Very much like calcium, iron is necessary for the babyÕs blood cells. The total amount of iron that is necessary for a healthy pregnancy is 1,000 mg and is shared by the mother and her unborn baby. The mother needs extra iron for the extra blood volume and to replace her daily losses (unavoidable normal losses) and the fetus needs the iron for his/her new red blood cells. Because only a very small portion of iron is absorbed through the intestine, pregnant women should consume a daily supplemental iron dosage of 500 to 1,000 mg (depending on the formulation, since some formulations deliver more elemental iron). Iron supplementation during pregnancy is very important because most menstruating women enter pregnancy already with deficient iron supplies, unless they take iron supplements prior to pregnancy. Because many women become constipated when taking iron supplements they should try to eat foods rich in iron such as enriched breakfast cereals, cooked beans and lentils, pumpkin seeds, clams, oysters, mussels and of course liver.

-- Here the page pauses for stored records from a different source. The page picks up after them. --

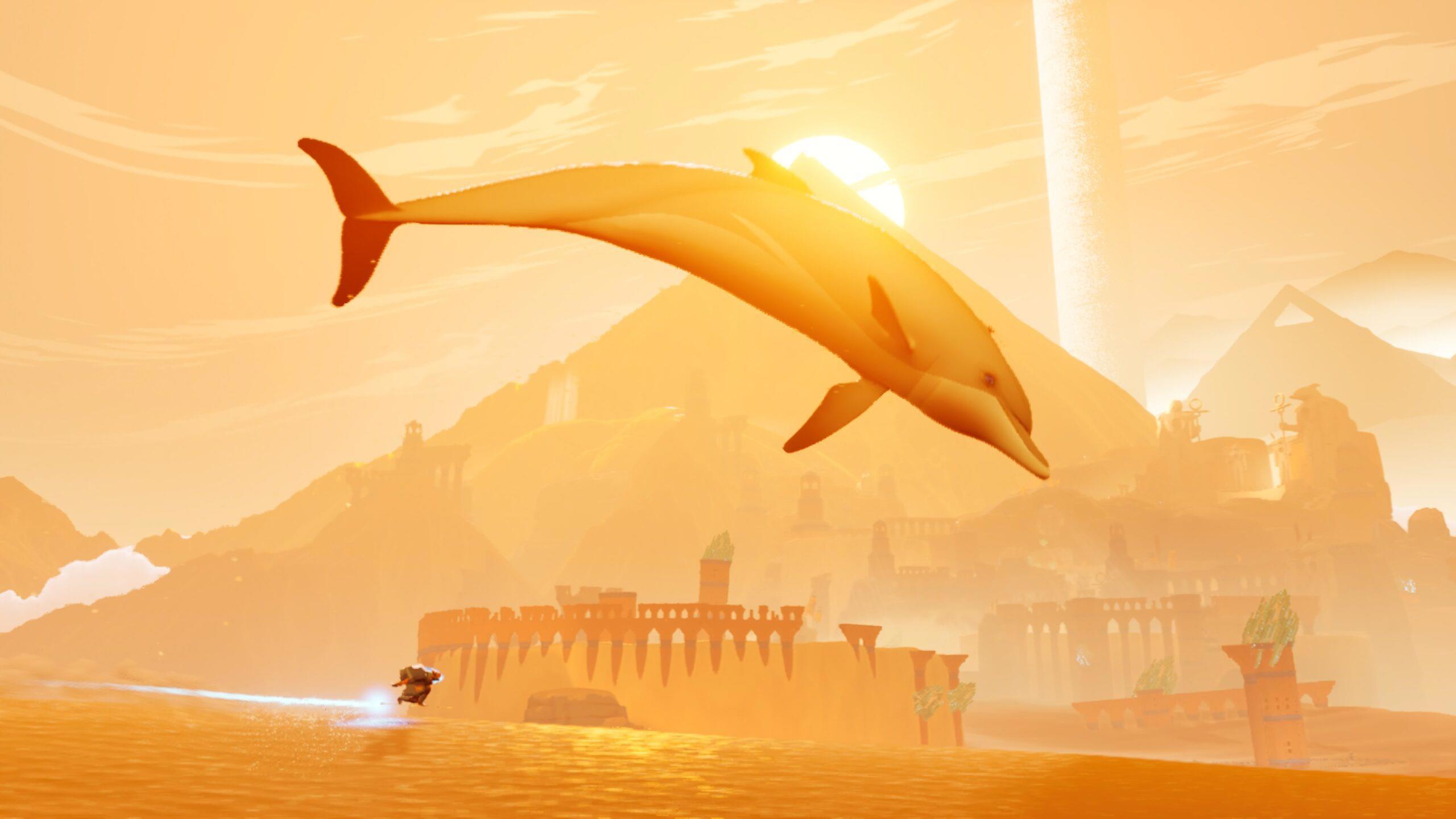 Появившийся не так давно в 2025 Sword of the Sea добавил динамики и экстрима в данный жанр игр. Сама игра напоминает смесь из Journey и Abzu, с героем, сёрфящем на неком волшебном мече сквозь этот пустынный мир, где небо наполнено рыбами, медузами, дельфинами, скатами, касатками и прочей морской живностью.
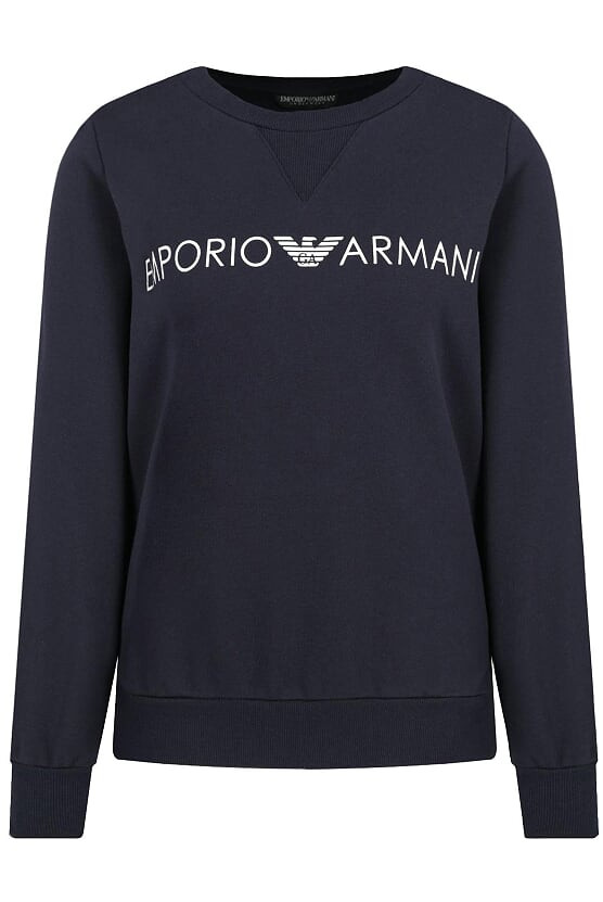 Dámská tmavě modrá mikina značky Emporio Armani. Módní mikina se obléká přes hlavu, zdobí ji na hrudi bílý znak a nápis Emporio Armani. Stylová mikina má v bocích rozparky.
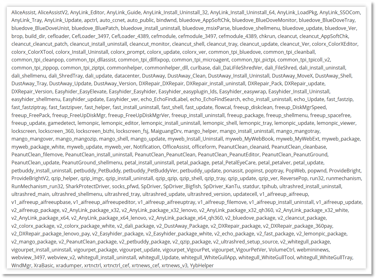 根据火绒安全情报中心的统计数据,大量软件包含本文所述的推广模块。下图中列表列出的软件被发现与本次威胁具有较强相关性(包括但不限于):
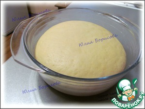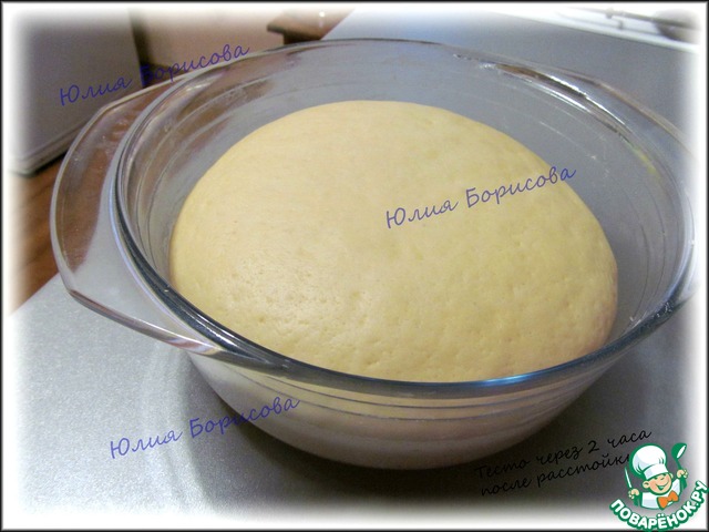Дать тесту выбродить часа 2, или пока тесто не увеличится вдвое.

Folic acid is considered a significant component for the early formation of the fetal nervous system. Lack of folic acid may increase the risk of open neural tube defects such as spina bifida and anencephaly. Because spina bifida and related defects develop 2-3 weeks after conception, al women of childbearing age should consume sufficient folic acid through supplementation (equivalent to 400 mcg). During pregnancy it is recommended that one consume 800-1000 mcg daily.

Cerebral Palsy

Cerebral palsy can occur for several reasons and a number of conditions have been associated with it. Although prematurity is often associated with cerebral palsy, most of the babies that suffer from it are born at term. Often times it is a lack of oxygen to the neonate, leading to asphyxia and brain damage, which may induce cerebral palsy. This is one reason why prematurity is often associated with cerebral palsy, since such babies are more likely to receive inadequate oxygen supplies (before, during and after birth). The presence of inflammatory markers (chemicals) in amniotic fluid and in fetal cord blood has also been associated with cerebral palsy, leading many researchers to believe that infection is one of the causes of cerebral palsy. This however, may be incorrect since many of the inflammatory markers that researchers attributed to the presence of infection were the result of non-infectious inflammatory placental reactions. In a study of neonates with cerebral palsy, it was found that 80% of the placentas exhibited various levels of thrombosis (clot formation) and chorionic tissue necrosis. It is our opinion that in most cerebral palsy cases it is some variation of placental failure, which is the culprit. Conditions such as growth failure (intrauterine fetal growth retardation), preterm labor, placental thrombosis, fetal vessel thrombosis, placenta abruptio and pre-eclampsia are all linked to an increased risk for cerebral palsy. Such complications are often the result of poor placental development.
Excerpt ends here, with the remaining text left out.